You likely won't have to fiddle around with any of these values at all, but I just wanted to give a comprehensive understanding for you of:

  1. What the code is looking for in order to successfully export the model.
  2. Finding what its looking for in greater specificity (with the 'Whisper' example)
  3. Finding relevant code that provides an example with a diff architecture (albeit incorrect one.
  4. Finding the code that provides what you need forgpt_bigcode, since that's the architecture of th emodel we're using here for WizardCoder.
  5. Explaining the different classes/subclasses in that code & showing where they're defined so that it all makes sense and/or you know where to go to extract said code and make modifications if you feel they're necessary before exporting your model to onnx format.

Wishing You Luck - Let Me Know How This Goes

I don't have a WizardCoder model ready to be exported on my device right now, so I didn't run any of the relevant code. However, I'm imagining that if you insert the boilerplate given for this specific model's architecture within the scheme of your export script, then it should execute w/o issue. If there is one, I'd be curious to see what that is.

Feel free to reply to this comment if this doesn't work as I'd be interested in chasing this rabbit down until its caught since I will have to export this model to onnx format too in the not so distant future.

Wow, @FoobarProtocol I've never seen a reply as clear as this! You dazzled me.

Hi @FoobarProtocol Thanks for your clear reply.
After reading your reply, i review the code. I can't found the function named GPTBigCodeOnnxConfig in model_configs.py. So i go to optimum github and found that the latest version is 1.11.1, but my optimum version is 1.10.1. Then i update optimum version.
I run below code to convert inference framework to ONNX:

from optimum.exporters.onnx import main_export
main_export(
    model_path,
    output=onnx_path,
    task="text-generation-with-past",
    framework="pt",
    trust_remote_code=True,
    no_post_process=True,
)

It prints so much messages.

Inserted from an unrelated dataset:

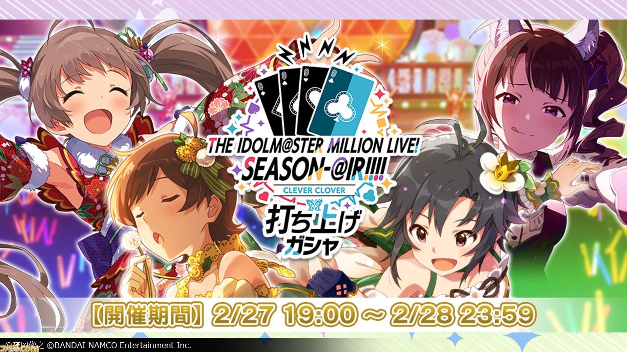 THE IDOLM@STER MILLION LIVE! SEASON-@IR!!!! ~CLEVER CLOVER~ 打ち上げガシャ開催!1回目は無料!

But finally it seem convert successfully as i can get the ONNX model file in the output path.
Then i want to use the model file follow the guide https://huggingface.co/docs/optimum/onnxruntime/usage_guides/models.

pipe = pipeline("question-answering", model=model, tokenizer=tokenizer, device_map="auto", framework="pt", config=generation_config)

It can use the model file, but it looks like to run the model on CPU not on GPU, and the inference speed is than the origin inference framework which running on GPU.